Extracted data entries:

========================================

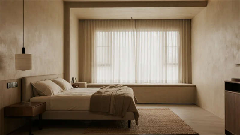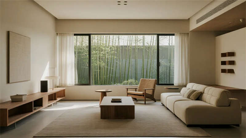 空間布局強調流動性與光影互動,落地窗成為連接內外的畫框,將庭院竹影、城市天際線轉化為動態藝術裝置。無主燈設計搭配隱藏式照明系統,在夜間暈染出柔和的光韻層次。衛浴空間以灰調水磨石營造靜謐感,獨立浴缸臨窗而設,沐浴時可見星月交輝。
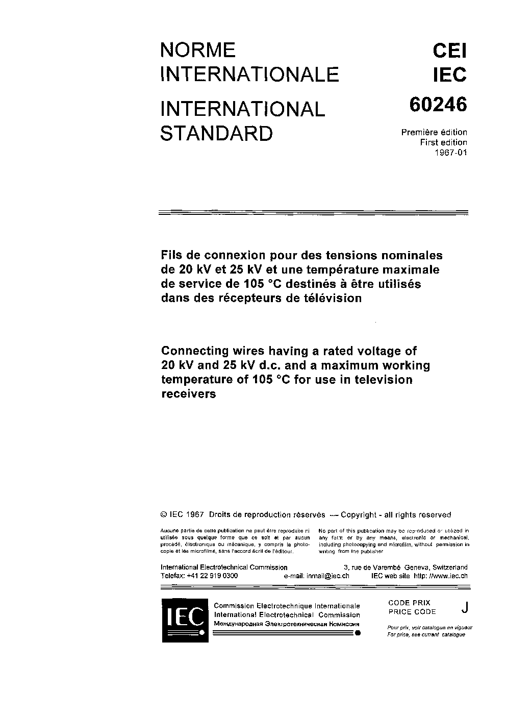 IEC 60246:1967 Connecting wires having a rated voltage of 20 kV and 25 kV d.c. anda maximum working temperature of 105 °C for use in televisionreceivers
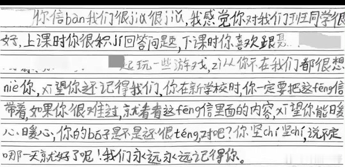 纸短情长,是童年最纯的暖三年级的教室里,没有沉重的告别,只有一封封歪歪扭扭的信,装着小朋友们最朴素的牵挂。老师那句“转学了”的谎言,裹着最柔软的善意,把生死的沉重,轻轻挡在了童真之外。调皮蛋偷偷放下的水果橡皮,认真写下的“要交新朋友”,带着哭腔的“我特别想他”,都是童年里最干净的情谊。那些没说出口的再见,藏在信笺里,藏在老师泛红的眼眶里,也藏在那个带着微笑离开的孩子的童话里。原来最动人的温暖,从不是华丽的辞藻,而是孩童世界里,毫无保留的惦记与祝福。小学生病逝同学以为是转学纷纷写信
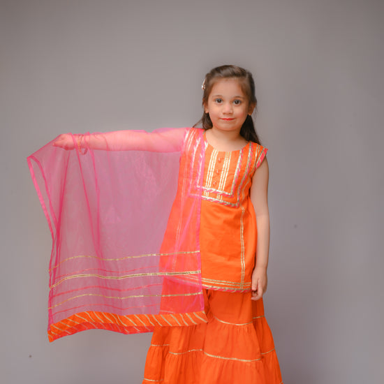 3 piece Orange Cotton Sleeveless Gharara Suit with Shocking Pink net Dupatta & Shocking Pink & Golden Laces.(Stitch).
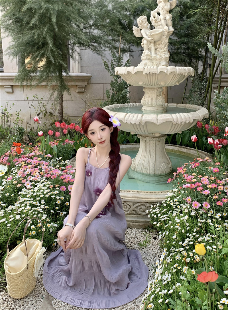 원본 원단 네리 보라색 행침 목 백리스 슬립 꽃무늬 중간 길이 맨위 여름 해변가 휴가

========================================

◆ **About this exercise**:
What is needed here is each line above set down word for word, minus the images.

◆ **Final answer**:
 空間布局強調流動性與光影互動,落地窗成為連接內外的畫框,將庭院竹影、城市天際線轉化為動態藝術裝置。無主燈設計搭配隱藏式照明系統,在夜間暈染出柔和的光韻層次。衛浴空間以灰調水磨石營造靜謐感,獨立浴缸臨窗而設,沐浴時可見星月交輝。
 IEC 60246:1967 Connecting wires having a rated voltage of 20 kV and 25 kV d.c. anda maximum working temperature of 105 °C for use in televisionreceivers
 纸短情长,是童年最纯的暖三年级的教室里,没有沉重的告别,只有一封封歪歪扭扭的信,装着小朋友们最朴素的牵挂。老师那句“转学了”的谎言,裹着最柔软的善意,把生死的沉重,轻轻挡在了童真之外。调皮蛋偷偷放下的水果橡皮,认真写下的“要交新朋友”,带着哭腔的“我特别想他”,都是童年里最干净的情谊。那些没说出口的再见,藏在信笺里,藏在老师泛红的眼眶里,也藏在那个带着微笑离开的孩子的童话里。原来最动人的温暖,从不是华丽的辞藻,而是孩童世界里,毫无保留的惦记与祝福。小学生病逝同学以为是转学纷纷写信
 3 piece Orange Cotton Sleeveless Gharara Suit with Shocking Pink net Dupatta & Shocking Pink & Golden Laces.(Stitch).
 원본 원단 네리 보라색 행침 목 백리스 슬립 꽃무늬 중간 길이 맨위 여름 해변가 휴가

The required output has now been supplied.